Market Updates

U.S. Movers: Analog Devices, Nvidia, Toll Brothers, Viasat, Urban Outfitters

Scott Peters
22 May, 2024
New York City

    Target Corp. declined 8.8% to $142.10 after the retailer reported weaker-than-expected earnings and a decline in sales driven by weakening growth trends in discretionary item sales. 

    Consumers limit their purchases of groceries and discretionary items like apparel and home decor. 

    Moreover, shoppers are chasing discounts, and relatively high-priced grocery items sold at Target still face competition from discount stores like Walmart, Aldi, Lidl, and other regional discount chains. 

    Target has been struggling to convince customers to spend more, as about 20% of its total sales are groceries, unlike 60% of Walmart's sales. 

    Total revenues declined 3.1% to $24.5 billion from $25.3 billion, net income dropped 0.8% to $942 million from $980 million, and diluted earnings per share fell to $2.03 from $2.05 a year ago. 

    Comparable sales declined 3.7% in the first quarter, reflecting a comparable store sales decline of 4.8%, partially offset by a comparable digital sales increase of 1.4%. 

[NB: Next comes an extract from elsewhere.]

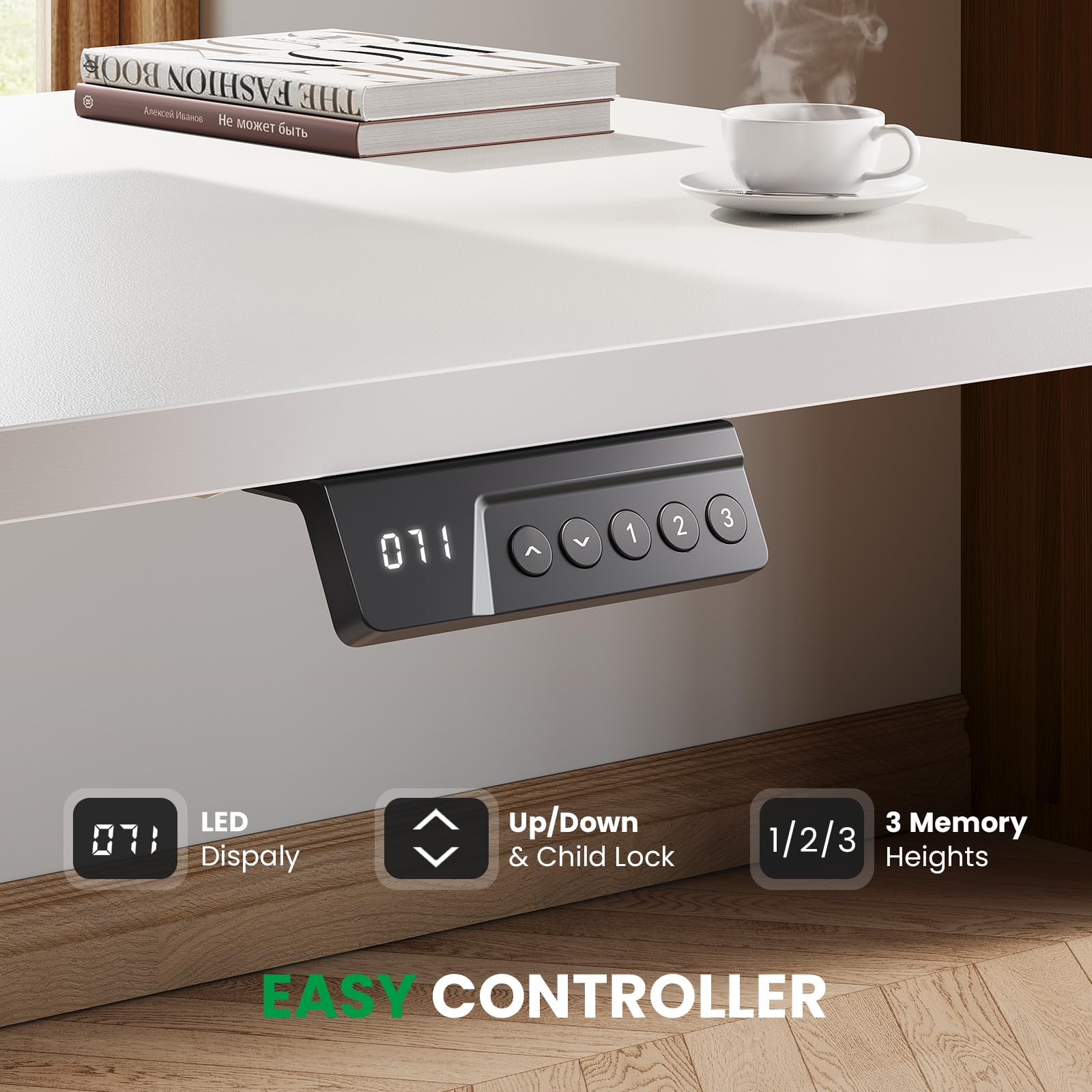 【Easy Controller & Height Adjustment】The L-shaped standing desk equipped with a smart memory controller, this desk allows you to preset 3 custom heights (27.5" - 45.7") for one-touch access to your ideal sitting/standing height with seamless transitions. The exclusive child safety lock prevents accidental operation. SIAGO standing desk is your ultimate solution for maintaining healthy work habits in the comfort of home.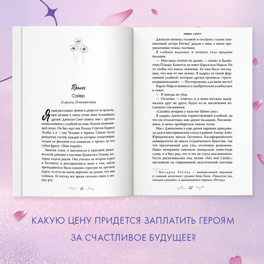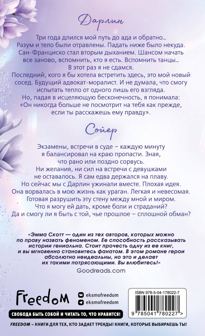 ОписаниеРомантические бестселлеры Эммы Скотт в новом, стильном оформлении. Удобный формат, мягкая обложка — все для того, чтобы не расставаться с любимыми героями. Уникальные яркие узоры на обрезе, блестящая фольга — собери всю коллекцию на своей полке! Книга про любовь танцовщицы со вторым шансом на жизнь и будущего адвоката-моралиста. Можно ли быть с той, чье прошлое — сплошной обман?Три года длился путь до ада и обратно… Разум и тело Дарлин были отравлены. Падать ниже было некуда. Сан-Франциско стал вторым дыханием. Шансом начать все заново, вспомнить, кто она есть. Вспомнить танцы… И в этот раз она не сдастся. Последний, кого она бы хотела встретить здесь, — это новый сосед. Будущий адвокат-моралист. Дарлин и не думала, что сможет испытать тепло от одного лишь его взгляда. Вот только будет ли он смотреть на нее как прежде, если узнает правду?Экзамены, встречи в суде — каждую минуту Сойер балансировал на краю пропасти. Зная, что рано или поздно сорвется. Ни желания, ни сил на встречи с девушками не оставалось: он сам едва держался на плаву. Дарлин ворвалась в его жизнь, как ураган. Легкая и невесомая. Готовая разрушить эту стену между мной и миром. Но что он может ей дать? Кроме боли и страданий.Книга о настоящих чувствах и их способности стать путеводной звездой. Испытайте сильные эмоции и проведите выходные в компании романтической художественной литературы! Лучший выбор для любителей книг романтики.С этой книгой ищут: любовные романы, freedom книги, грешник, сгорая дотла, среди тысячи слов, пять минут жизни, свет между нами, дотянуться до звезд, стань моим завтра, зажечь небеса, young adultСвернутьРомантические бестселлеры Эммы Скотт в новом, стильном оформлении. Удобный формат, мягкая обложка — все для того, чтобы не расставаться с любимыми героями. Уникальные яркие узоры на обрезе, блестящая фольга — собери всю коллекцию на своей полке! Книга про любовь танцовщицы со вторым шансом на жизнь и будущего адвоката-моралиста. Можно ли быть с той, чье прошлое — сплошной обман?Три года длился путь до ада и обратно… Разум и тело Дарлин были отравлены. Падать ниже было некуда. Сан-Франциско стал вторым дыханием. Шансом начать все заново, вспомнить, кто она есть. Вспомнить танцы… И в этот раз она не сдастся. Последний, кого она бы хотела встретить здесь, — это новый сосед. Будущий адвокат-моралист. Дарлин и не думала, что сможет испытать тепло от одного лишь его взгляда. Вот только будет ли он смотреть на нее как прежде, если узнает правду?Экзамены, встречи в суде — каждую минуту Сойер балансировал на краю пропасти. Зная, что рано или поздно сорвется. Ни желания, ни сил на встречи с девушками не оставалось: он сам едва держался на плаву. Дарлин ворвалась в его жизнь, как ураган. Легкая и невесомая. Готовая разрушить эту стену между мной и миром. Но что он может ей дать? Кроме боли и страданий.Книга о настоящих чувствах и их способности стать путеводной звездой. Испытайте сильные эмоции и проведите выходные в компании романтической художественной литературы! Лучший выбор для любителей книг романтики.С этой книгой ищут: любовные романы, freedom книги, грешник, сгорая дотла, среди тысячи слов, пять минут жизни, свет между нами, дотянуться до звезд, стань моим завтра, зажечь небеса, young adultСвернутьСвернуть

    For the second quarter and for the full year, the company anticipated comparable sales to increase between zero and 2%. 

    For the full year, the company reiterated its adjusted earnings per share outlook to be between $8.60 and $9.60.

    Urban Outfitters rose 4.2% to $43.0 after the apparel retailer reported better-than-expected sales and earnings in its latest quarter. 

    Comparable retail sales increased 4.6%, driven by high single-digit positive sales growth in online sales and low single-digit positive growth in retail store sales. 

    Revenue in the first quarter increased 7.6% to record $1.2 billion from $1.11 billion, net income advanced to $61.76 million from $52.8 million, and diluted earnings per share rose to 65 cents from 56 cents a year ago. 

    The company did not purchase its shares in the first quarter ending in April 2024 and in the year ending in January 2024, and 19.2 million of the authorized 20.0 million shares are still available under its stock repurchase program. 

    Toll Brothers decreased 0.5% to $129.50 after the luxury home builder's quarterly results surpassed market expectations and the company raised its full-year outlook. 

    Total fiscal second quarter revenue increased to $2.8 billion from $2.5 billion, net income rose to $481.6 million from $320.2 million, and diluted earnings per share advanced to $4.55 from $2.85 a year ago. 

    At the end of the fiscal second quarter in April, the backlog value of homes declined 12% to $7.4 billion, and the backlog of homes fell 6% to 7,093. 

    The company raised its estimate of home deliveries in the fiscal third quarter to 2,850 from 2,750 and in the fiscal year to 10,800 from 10,400. 

    In the quarter, Toll Brothers repurchased approximately 1.5 million shares at an average price of $120.60 per share, for a total purchase price of approximately $181.2 million.

    On March 12, the company also hiked its cash dividend by 10% to 23 cents per share, which was paid on April 19 to shareholders on record on April 5. 

    Nvidia Corp. increased 0.6% to $957.50 ahead of the advanced chipmaker's quarterly results after the close of regular trading sessions. 

    Nvidia has jumped 98% in the year so far and soared 205% in the last year of trading. 

    Viasat declined 10.4% to $16.82 after the satellite communication service provider reported a loss of 80 cents in its fiscal fourth quarter. 

    Revenue in the fiscal fourth quarter ending in March surged to $1.15 billion from $666 million, net income swung to a loss of $100.3 million from a profit of $1.2 billion, and diluted earnings per share were a loss of 80 cents compared to a profit of $15.56 a year ago. 

    Last year's net income in the fiscal fourth quarter included an after-tax gain of $1.26 billion from discontinued operations, and net income excluding one-time gains was a loss of $58.6 million.

    Analog Devices increased 5.4% to $228.32 after the company reported better-than-expected quarterly results in the fiscal second quarter ending in April.

    Revenue in the quarter decreased 34% to $2.2 billion from $3.3 billion, net income decreased to $302.2 million from $977.6 million, and diluted earnings per share fell to 61 cents from $1.92 a year ago. 

    The company's board of directors declared a quarterly cash dividend of 92 cents per share payable on June 17 to shareholders of record at the close of June 4. 

    The company estimated fiscal third quarter revenue of $2.27 billion with a band of $100 million, an increase of 20.1% from a year ago. 

    The company also estimated earnings per share of 70 cents with a band of 10 cents and adjusted earnings per share of $1.50 with a band of 10 cents.